Market Sentiment Pulls Back

Bitcoin’s climb paused a bit after that. At publication, it traded near $108,150. The crypto Fear & Greed Index slid from an “Extreme Greed” reading of 78 down to 66, or “Greed.” That dip hints at some profit-taking.

CryptoQuant analyst Crypto Dan said on May 22 that “overheating indicators such as the funding rate and short-term capital inflow remain low compared to previous peaks, and profit-taking by short-term investors is limited.” His view is that this rally hasn’t been driven by risky bets.

Record Monthly Inflows In Sight

So far in May, spot Bitcoin ETFs have pulled in about $5.40 billion. The previous monthly high came in November 2024, when ETFs took in $6.50 billion.

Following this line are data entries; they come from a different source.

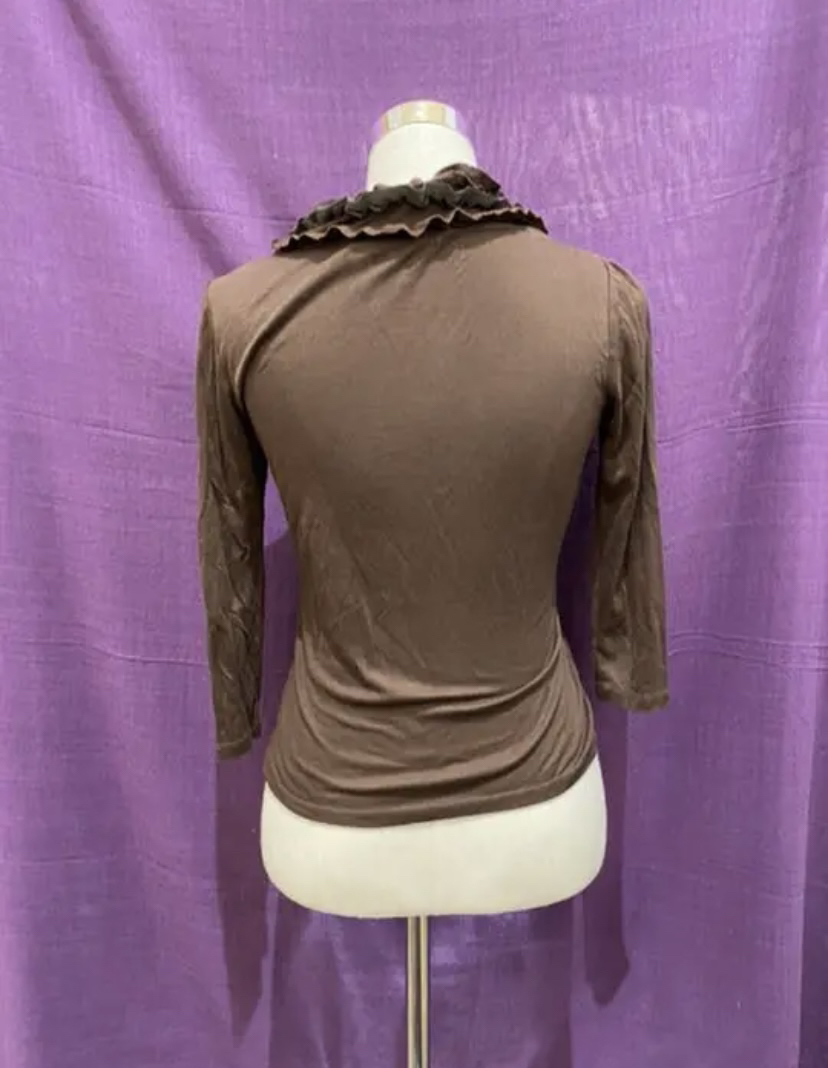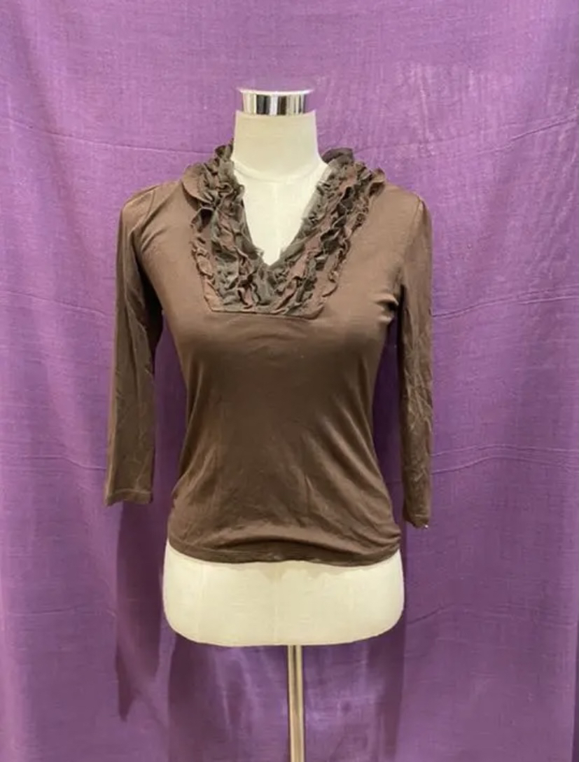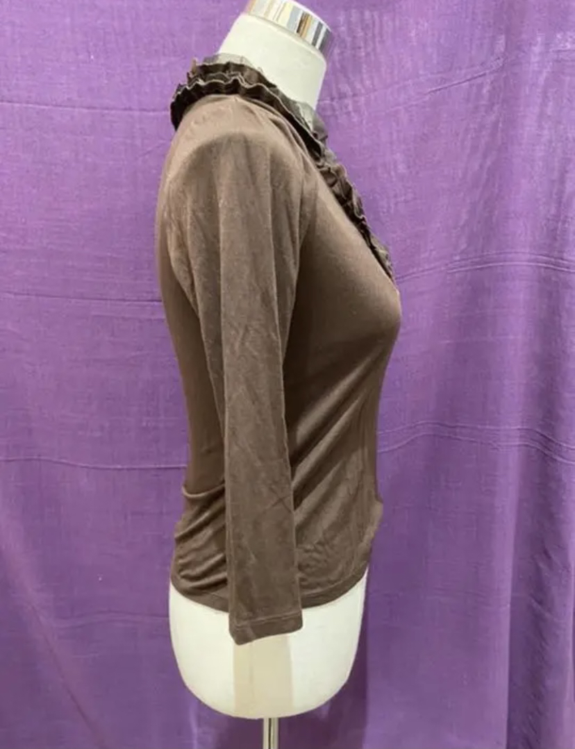 アナイ 襟元にフリルのついた ブラウンのトップス
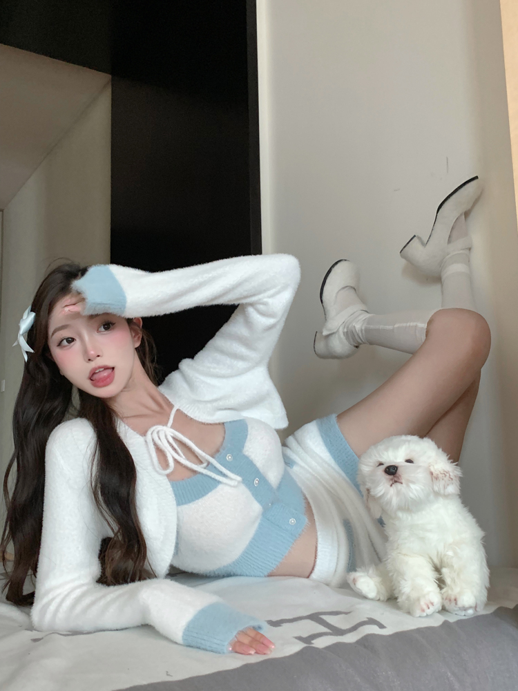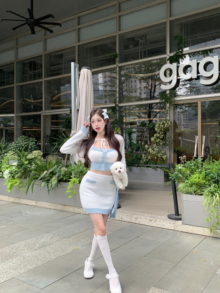 Knit Embroidery Fashion Chic Girl Korean Pastel Baby White Blue Camisole Top Long Sleeve Cardigan Skirt Three Piece Set
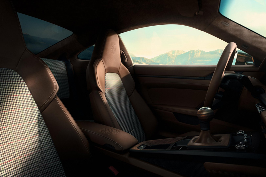 L'intérieur reçoit également des finitions spéciales telles que les bandes centrales des sièges "Grid-Weave F.A." évoquant un tissu à motif de veston entre les bandes latérales en cuir club brun truffe ainsi que des coutures décoratives Beige Calcaire. On retrouve ce tissu dans la boîte à gants ainsi que sur les tapis de sol réversible du coffre à bagages. Le tableau de bord intègre un Chrono Sport dont le design reprend celui de l'original réalisé pour F.A. Porsche. Le levier de vitesse est composé d'un pommeau en bois de noyer stratifié à pores ouverts et d'une plaquette où est gravée la signature du designer. Une autre plaquette dorée, située sur la baguette décorative du tableau de bord, est gravée en fac-similé d'une silhouette d'une 911 et d'une inscription "One of 90". En outre, le coffre de rangement logé dans la console centrale porte la gravure de même design que la plaquette du capot du coffre à bagages.
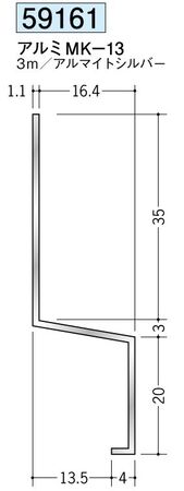 アルミ 腰壁見切 アルミMK-13 アルマイトシルバー 長さ3m
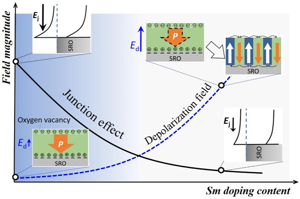 图5. (Bi,Sm)FeO3薄膜铁电自极化的调控机制。界面肖特基势垒和退极化场的相互竞争导致铁电多畴的形成。两者均与氧空位浓度及其分布密切相关。
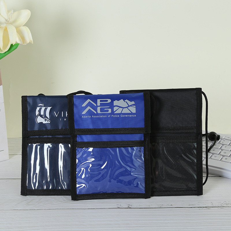 欧米の国境を越えて、印刷展示会の斜めショルダーの証明書の袋の防水のオックスフォードの布の筆の袋の首の証明書の袋のメーカーを掛けます。
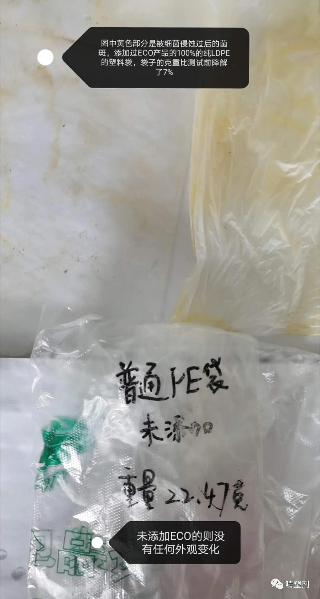 之前研究人員做過這個實驗, 把加入ECO 啃塑劑后的 LDPE 塑料袋和沒有加入ECO 的LDPE 袋放入污水污泥中. 經過45天后, 從兩個袋的表面我們可以觀察到有很大的差異。在沒有加入ECO 的LDPE袋, 我們看不到有明顯的變化. 但在加入了ECO 的LDPE 袋, 我們發表面已經開始被微生物侵蝕。
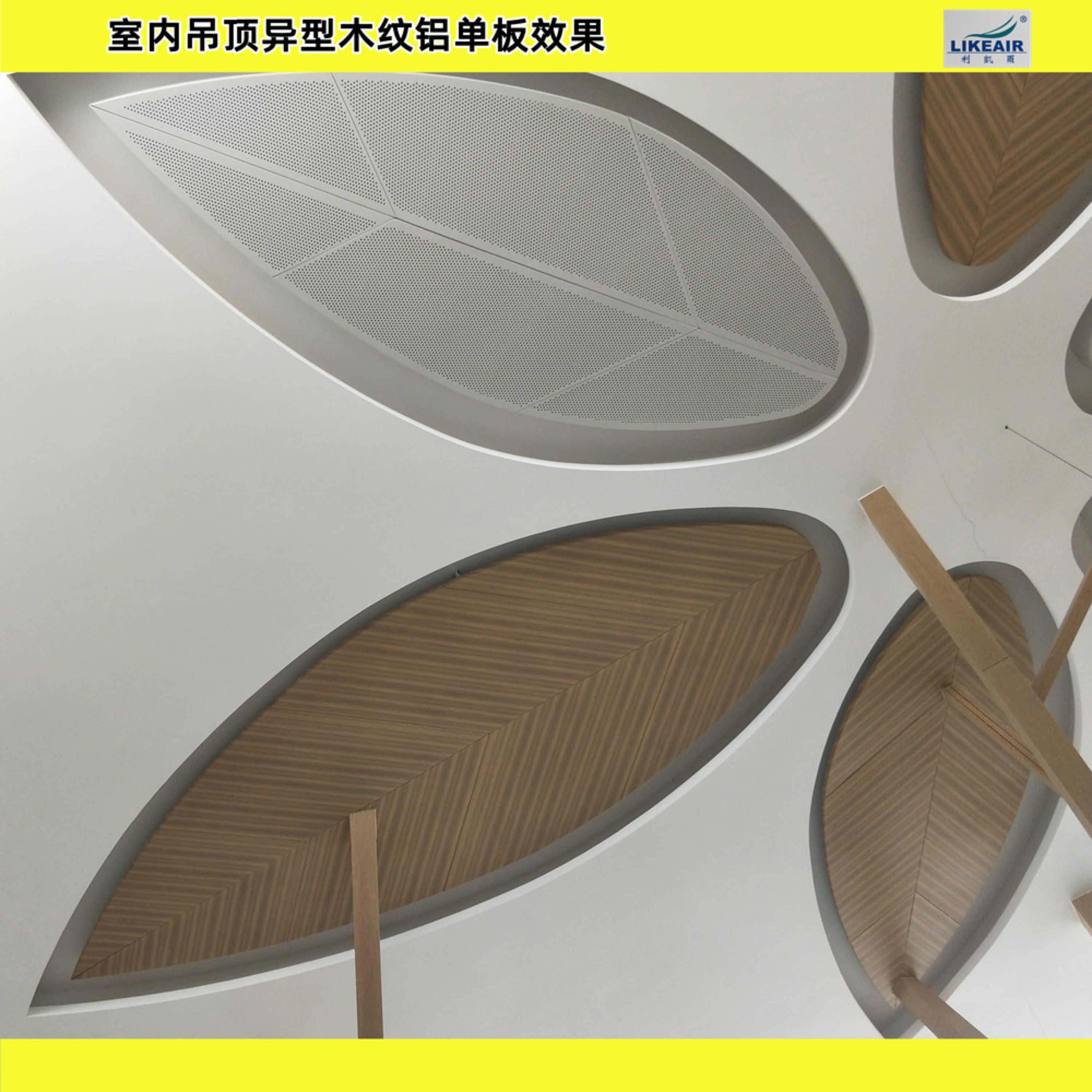 1. 仿木紋鋁單板按照圖紙將鋁單板鈑金成型后,用粉 末涂料均勻噴涂在鋁單板板面,
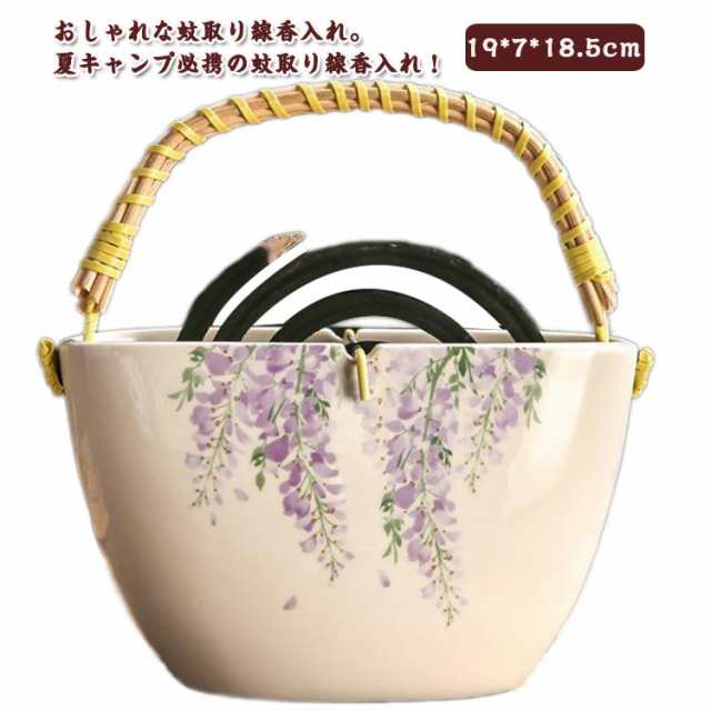 かやり インテリア 蚊取り線香ホルダー 蚊取り 陶器製 蚊遣り 蚊取り線香ホルダー おしゃれ 蚊取り線香入れ インテリア ハンドル付き 持ち運び 吊り下げ アウトドア 蚊取り線香ホルダー 室内
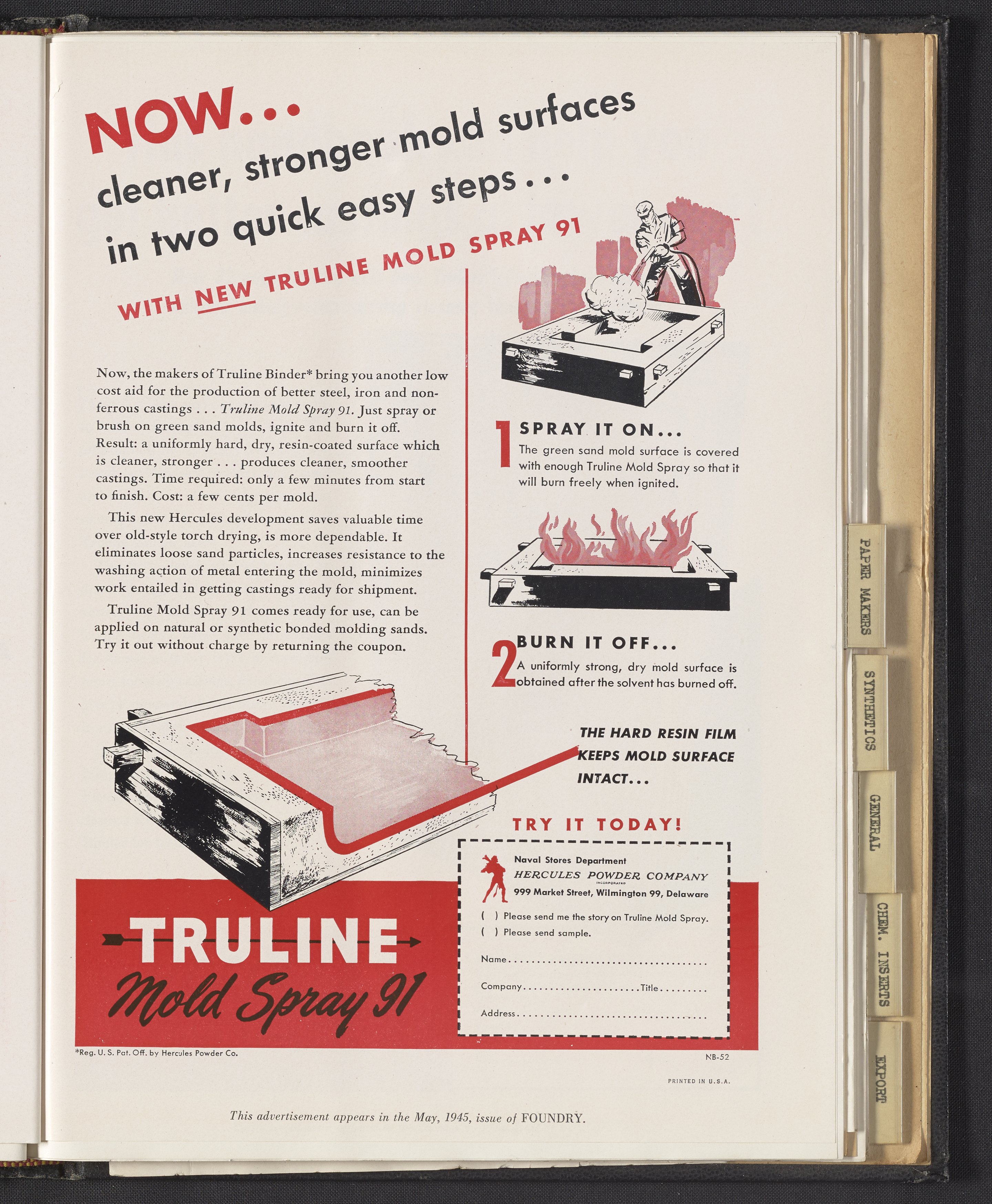 Hercules Incorporated. “Now...Cleaner, Stronger Mold Surfaces in Two Quick Easy Steps...” 1945 Hercules Advertisements, 1945. Records of Hercules Incorporated, Volume 1945. Science History Institute. Philadelphia. https://digital.sciencehistory.org/works/xg94hq27q.

With five trading days left in May, inflows could set a new mark. That steady demand underlines how ETFs have become the go-to way for many to own Bitcoin without wrestling with wallets and private keys.

Demand for spot Bitcoin ETFs has grown fast. Investors like simple, regulated products. The big issuers, led by BlackRock, have the best chance to stay on top.

As for Bitcoin itself, if sentiment cools, prices might pull back some. But with institutional flows so strong, many see room to run higher.